SGLT2-Hemmung induziert Senolyse |
Theo Dingermann |
05.06.2024 10:30 Uhr |
Durch die Behandlung mit Canagliflozin zeigten Mäuse signifikante Änderungen in ihrem Fettgewebe. Dort verringerte sich das Entzündungsgeschehen und das Ausmaß an oxidativem Stress. In-vivo-Fluoreszenzstudien ließen erkennen, dass sich durch eine Intervention mit Canagliflozin zudem die SA-β-gal-Aktivität reduzieren ließ und seneszente Zellen eliminiert wurden.
Auf Basis metabolomischer Analyse ließen sich erste Einblicke in die molekularen Mechanismen erhalten, die der senolytischen Aktivität von Canagliflozin zugrunde liegen. Dabei zeigte sich, dass die SGLT2-Hemmung einen signifikanten Anstieg des Plasmaspiegels von 5-Aminoimidazol-4-Carboxamid-1-β-D-Ribofuranosid (AICAR) induzierte. Von diesem Metaboliten ist bekannt, dass er die Adenosinmonophosphat-aktivierte Proteinkinase (AMPK) aktiviert.
Tatsächlich konnten die Forschenden eine gesteigerte AMPK- und eine verringerte SA-β-gal-Aktivität in ihrem Tiermodell sowohl durch eine Behandlung mit AICAR als auch mit dem SGLT2-Inhibitor zeigen. Umgekehrt führte eine Hemmung von AMPK zu einem Anstieg der SA-β-gal-Aktivität, was die Rolle von AICAR und AMPK bei der durch SGLT2-Hemmung induzierten Senolyse bestätigt.
Weitere Einblicke in den senolytischen Wirkmechanismus der SGLT2-Inhibitoren erschlossen sich den Forschenden, nachdem sie die Hypothese überprüften, wonach eventuell auch immunologische Mechanismen beteiligt sein könnten. So ist bekannt, dass das Immunsystem und PD-1/PD-L1-vermittelte Signale aktiv an der Zellseneszenz beteiligt sind.
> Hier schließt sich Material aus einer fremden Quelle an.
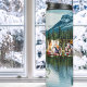 The design radiates a nostalgic and classic flair, capturing the essence of the holiday season. A picturesque blue landscape of green pine trees overlooks a tranquil lake. The upper portion showcases this breathtaking scene, while the lower portion mirrors the pines' reflection on the glistening water, spreading a sense of calm and serenity.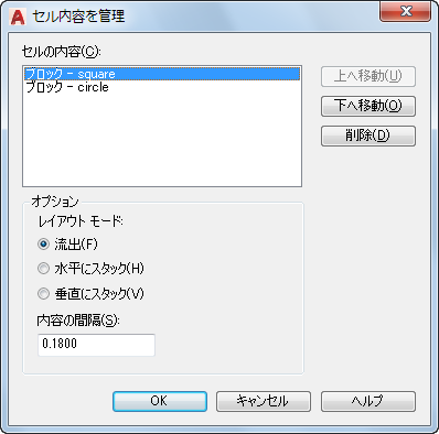 表のセルにブロックを挿入する場合は、ブロックを自動的にセルのサイズに合わせることも、ブロックのサイズに合わせてセルを調整することもできます。ブロックは、ショートカット メニューから挿入できます。複数のブロックを、1 つのセルに挿入できます。セルに複数のブロックがある場合、[セル内容を管理]ダイアログ ボックスを使用して、セルの内容を表示する方法をカスタマイズします。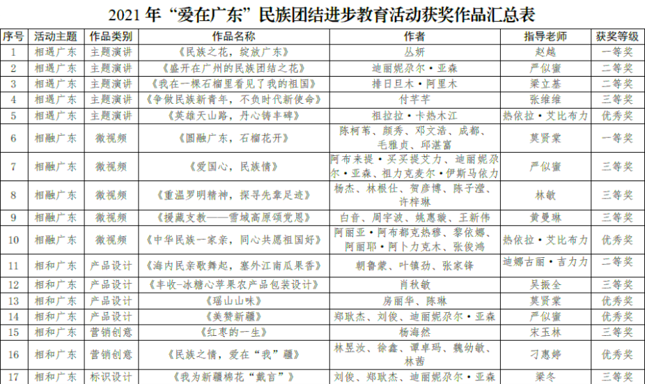 近日,广东省教育厅公布了2021年“爱在广东”民族团结进步教育活动评选结果,公司推选参赛作品获得二等奖2项。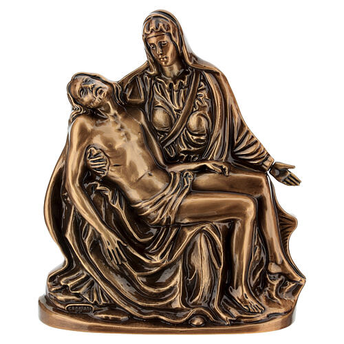 Bronzed statue depicting Michelangelo's Pietà on a smooth base.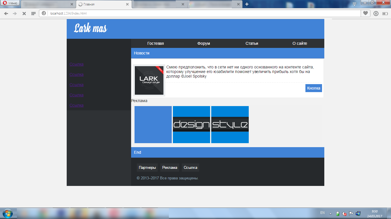 В общем это только начало)) застрял на боковом меню, не могу подобрать цвет, нужно чтоб и ссылки было видно и чтоб особо на фоне всего остального не выделялось. Кто что предложит?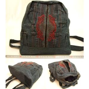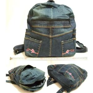 横浜最新 魅惑のデニムおしゃれリュック紺♪リメイクオリジナルバッグ 巾約31cm 縦37cm マチ11cm メンズレディース 送料無料syo63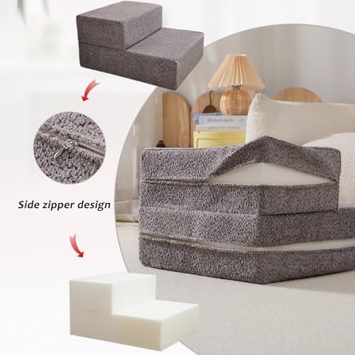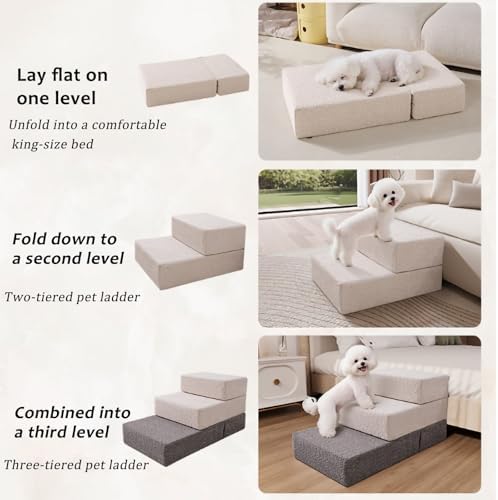 Introducing our Foldable Pet Ramp/Stairs, designed with senior pets in mind. Crafted from premium Snowflake Fleece Fabric, this versatile ramp provides a safe and comfortable way for your furry friends to access higher surfaces without the strain of jumping. Its thoughtful design is perfect for pet owners who want to enhance their pets' mobility, whether it's getting up on the couch, bed, or into the car. With unfolded dimensions of 66 cm (L) × 40 cm (W) × 16 cm (H), this ramp is spacious enough to accommodate pets of various sizes. When not in use, simply fold it down to a compact size of 40 cm (L) × 40 cm (W) × 32 cm (H), making it easy to store or transport. Weighing only 2.3 kg, it’s lightweight yet durable, ensuring stability as your pet climbs. The removable cover allows for effortless cleaning, whether you choose to vacuum, hand wash, or machine wash it. Maintaining the ramp's cleanliness is straightforward, as it can be air-dried quickly for continued use. Just remember to wash it gently in water below 30°C and avoid harsh cleaning methods. Available in elegant Off-White and Gray colors, this pet ramp seamlessly fits into any home decor. Its sleek look combined with practicality makes it a valuable addition to your pet care routine. Elevate your pet's quality of life today with our Foldable Pet Ramp/Stairs, blending convenience with comfort for your cherished companions.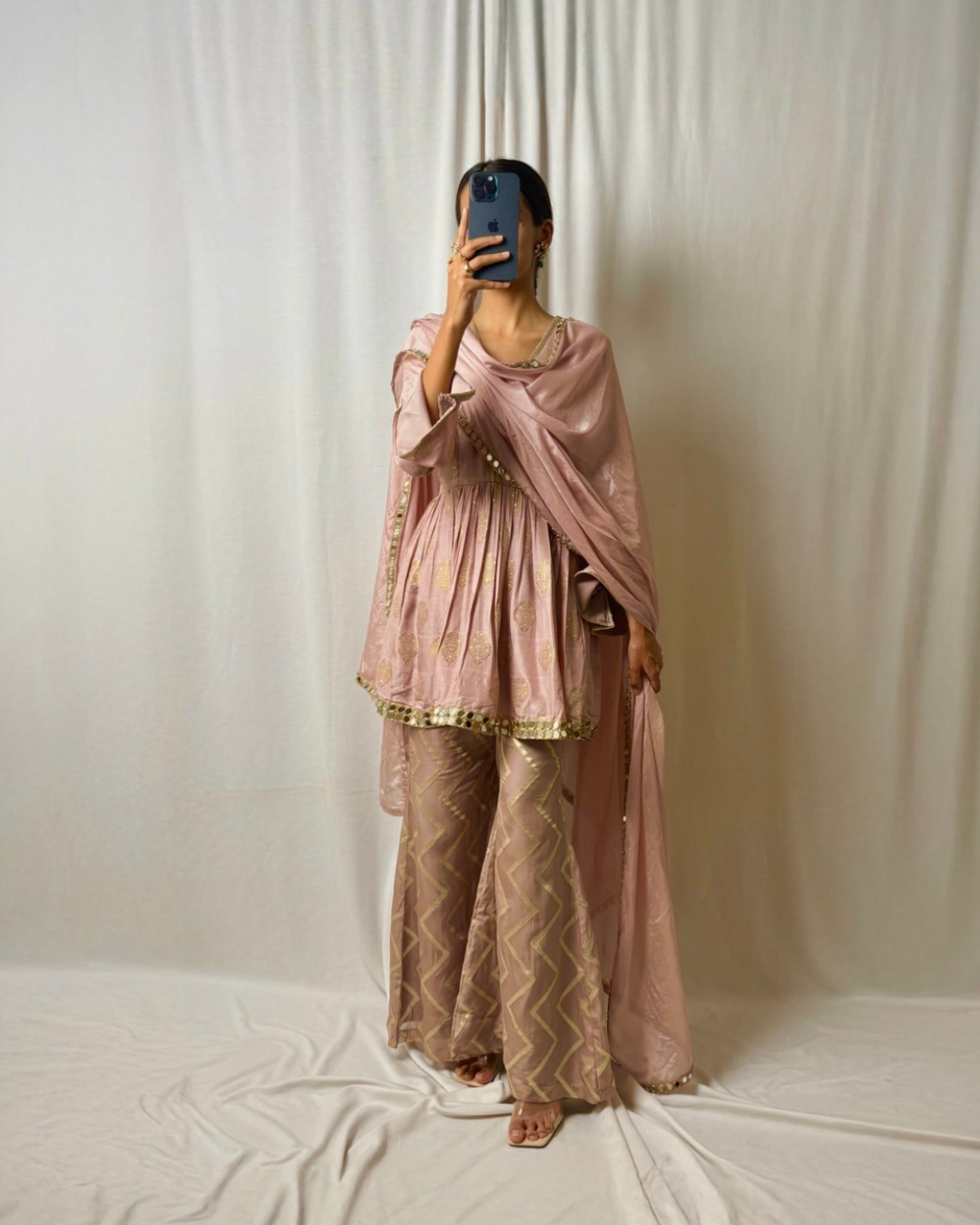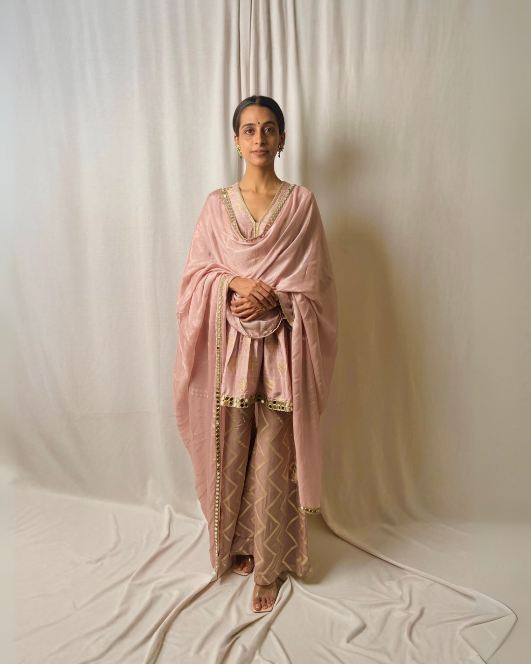 The look is completed with a chiffon dupatta, delicately finished with mirror work along the entire border —
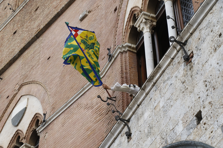 Alle trifore del secondo piano di Palazzo Pubblico sono state esposte le bandiere di: Leocorno, Pantera, Civetta, Drago, Tartuca, Nicchio e Giraffa.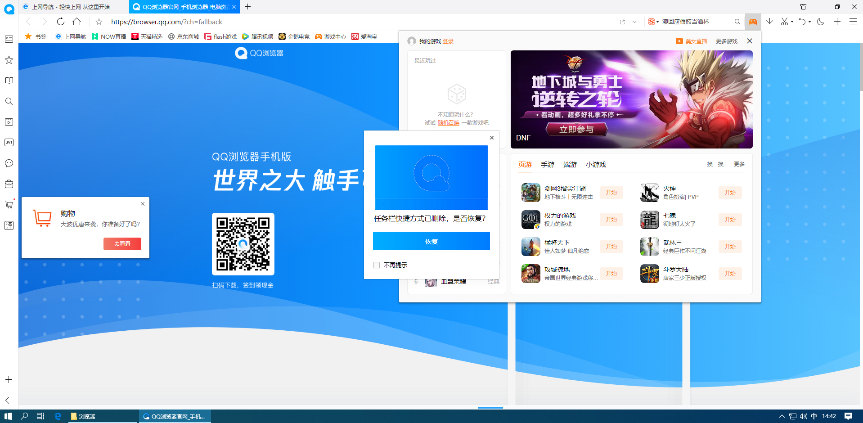 2、安装结束后浏览器页面内广告弹窗、并提示固定快捷方式到任务栏。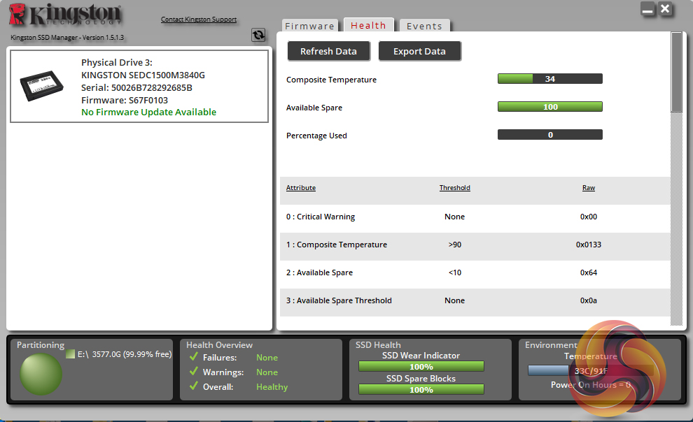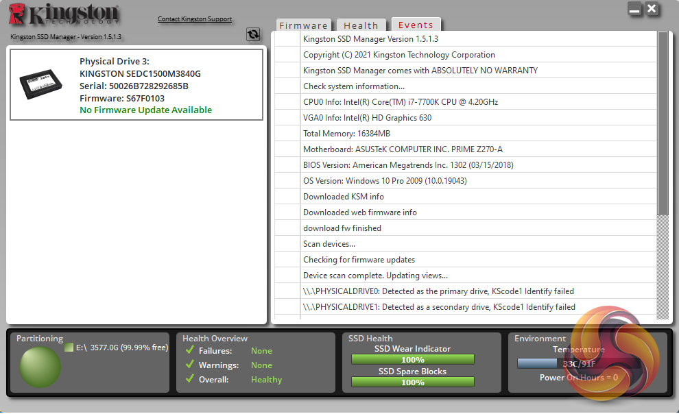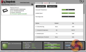 Kingston’s SSD management software utility is simply called SSD Manager. With it, you can monitor the health of the drive and how it’s being used, check the drive’s SMART data (including reliability tracking, usage statistics, life remaining, wear levelling and temperature) and update the firmware.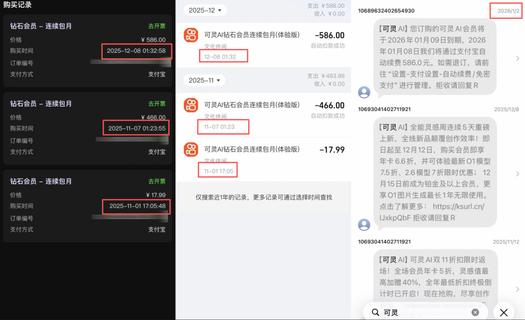 就续费提醒一事,米萌默示:“诚然收到了站内信的指示,但因为并未盘算推算连续用可灵AI这个干事,未点开网页或APP放哨;短信指示是第3次自动续费前才收到,第1、2次自动续费时都充公到。”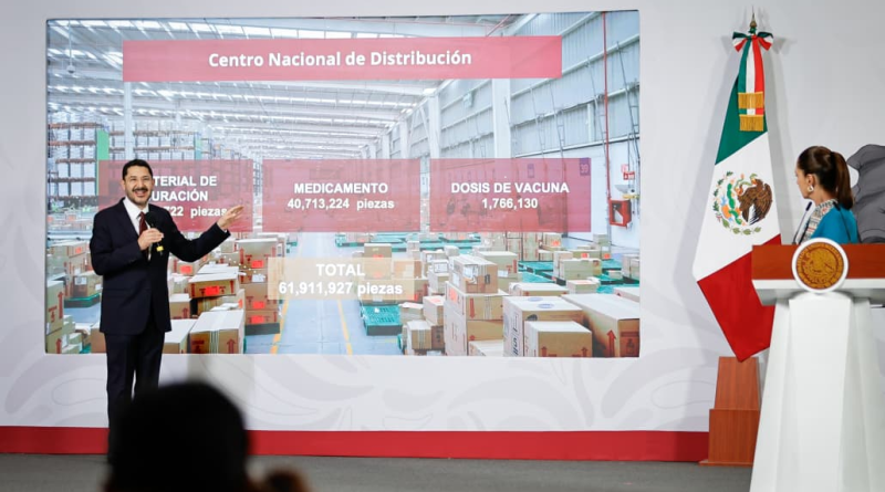 “En el CENADI, el Centro Nacional de Distribución, que tenemos acá en Lago de Guadalupe, hay 61 millones de piezas, casi 62 millones. De esas, 20 millones de piezas son de materiales de curación, 40 millones de piezas son de medicamentos y hay un millón 766 mil vacunas”, dijo.

Zudem weiß man, dass die AMPK die Expression von PD-L1 negativ reguliert.
Tatsächlich reduzierte die SGLT2-Hemmung mit Canagliflozin die zuvor erhöhte Anzahl PD-L1-positiver seneszenter Zellen in den Mäusen deutlich. Umgekehrt führte eine Immunsuppression nach einer Canagliflozin-Behandlung zu einem Anstieg der seneszenten Zellen, was darauf hindeutet, dass die senolytischen Effekte von Canagliflozin teilweise durch das Immunsystem vermittelt werden.
All diese Effekte blieben bei den Mäusen nicht ohne physiologische Konsequenzen. So konnten die Forschenden registrieren, dass die SGLT2-Hemmung zur Besserung spezifischer altersbedingter Pathologien führte. Die Mäuse wurden körperlich aktiver und die Lebensdauer der behandelten Tiere stieg an.
Insgesamt unterstreichen diese Ergebnisse, dass beim Einsatz von SGLT2-Inhibitoren mit Effekten zu rechnen ist, die weit über ein Diabetesmanagement hinausgehen. Ob diese Wirkstoffklasse tatsächlich das Potenzial besitzt, im Rahmen einer senolytischen Strategie auch altersbedingten Erkrankungen vorzubeugen oder zu behandeln, müssen weitere Studien zeigen.